When the disconnect switch is in its "on" or "closed" position, movable contacts 62 will be held into engagement with the fixed contacts 48 by the coil springs 64. The diameters of the movable contacts 62 are preferably substantially the same as the diameters of the fixed contacts 48. The centers of the disk-like movable contacts are concentric with the centers of the disk-like fixed contacts 48 when the movable contacts are in engagement with the fixed contacts. Thus, arcuate portions of the movable contacts are in constant spaced relationship with the bight portions 52a of the U-shaped arc shields.

The main housing portion 12 includes a central bore 68 (FIGS. 3 and 4) rotatably receiving an actuating rotor, generally designated 70, and best seen in FIGS. 6 and 7. The rotor 70 is essentially circular in cross-section and is formed by integral sections 72, 74, 76 and 78. Progressing from left to right as shown in FIGS. 6 and 7, each section is of a reduced diameter from the adjacent rotor section thereby defining a telescope-like shape which facilitates mounting of the rotor within the housing section 12.

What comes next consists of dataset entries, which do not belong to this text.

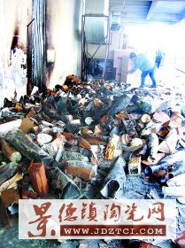 見習(xí)記者張清記者陳陳城市快報(bào)昨日中午11時(shí)許,大胡同萬隆商業(yè)中心內(nèi)一個(gè)二樓平臺(tái)突然起火,平臺(tái)上堆放的部分花瓶瓷具在大火中被燒毀。11時(shí)40分,消防員撲滅大火后,多名工作人員開始清理被燒毀的瓷具碎片和紙箱殘片。
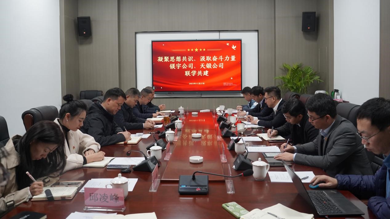 公司領(lǐng)導(dǎo)一行來到湖南鎂宇科技公司溝通交流有關(guān)項(xiàng)目進(jìn)展情況,并與鎂宇公司聯(lián)合開展了“凝聚思想共識(shí)、汲取奮斗力量”主題教育黨課,深入理解習(xí)近平新時(shí)代中國特色社會(huì)主義思想的世界觀和方法論,積極研討如何貫徹落實(shí)總書記對(duì)新時(shí)代新征程國資央企工作的最新要求。
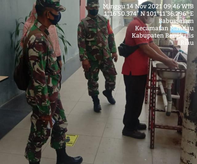 MANDAU, seputarriau.co - TNI Koramil 04/Mandau dipimpin oleh Pelda Armen bersama Tim lakukan kegiatan penerapan 3 M guna memutus mata rantai covid-19 yaitu Menggunakan masker, Manjaga jarak dan Mencuci tangan dititik keramaian sesuai protokol kesehatan yang dilaksanakan di Mall City Mandau.
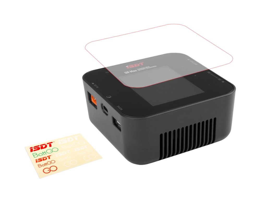 Sada nabíječe obsahuje: nabíječ ISDT Q8 Max, chránič displeje, návod.
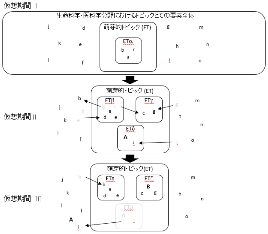 それぞれの萌芽的トピックは、様々な要素(現象、疾患、プロセス、物質名、遺伝子、生物種、解剖学的部位、技術、デバイスなど)から構成されています(例えば、期間Iの萌芽トピックETαは、要素a, b, cから構成されています)。それぞれの期間で、萌芽的トピックと萌芽的トピックを構成する要素は限られています(全体の1割程度)。萌芽的トピックは、要素を取り込んだり、放出することで、新しい萌芽的トピックとなっていきます。例えば、仮想期間Iの萌芽的トピックETαは、要素bとcを放出し、要素dとeを新たに取り込むことで、仮想期間IIに新たな萌芽的トピックETβとなります。放出された要素cは新たに要素gを取り込むことで、仮想期間IIに萌芽的トピックETγを創出します。仮想期間IIにおいては、突如新たに登場した要素Aが、要素iを取り組んで新たな萌芽トピックETδを創出します(ノーベル賞級のトピックの場合、このパターンが多い)。萌芽的期間を過ぎて成熟・定着したトピックは萌芽的でなくなります。仮想期間IIにおけるETδは仮想期間IIIにおいては、成熟・定着し、もはや萌芽的トピックではありません。萌芽的トピックの要素が再度萌芽的トピックの創出に関わることも多く、例えば、仮想期間IIのETβは仮想期間IIIにおいて要素bを再度取り込み、新たな萌芽的トピックETεとなります。萌芽的トピック研究の進展に伴い、突如新たな要素が表れて、新たな萌芽的トピックを創出することもあります。例えば、仮想期間IIの萌芽的トピックETγは、仮想期間IIIにおいて、突如要素Bを生み出し、新たな萌芽的トピックETζとなります。多くの研究要素(図中のf, h, j, k, l, m, n, o)は、萌芽的トピック創出に関与しません。

Section 72 of the rotor is cylindrical and includes a square in cross-section bore 72a. The section 74 of the rotor includes a diametrically disposed slot 80; this slot defines radially disposed planar surfaces 81 and 82 joining to form a ridge or peak 83. Similarly, the rotor section 76 includes a diametrically disposed slot 84 forming radially disposed planar surfaces 85 and 86 joining to form a peak or ridge 87. Finally, the rotor section 78 includes a slot 90 forming radially disposed planar surfaces 91 and 92 joining at a ridge or peak 93. The peaks or ridges 83, 87 and 93 are collinear. The faces 81, 85 and 91 are coplanar as is also the case with the faces 82, 86 and 92. The sizes of the various planar faces differ slightly in the radial direction due to the step-like configuration of the rotor 70 as seen in FIG. 7 and as referred to above.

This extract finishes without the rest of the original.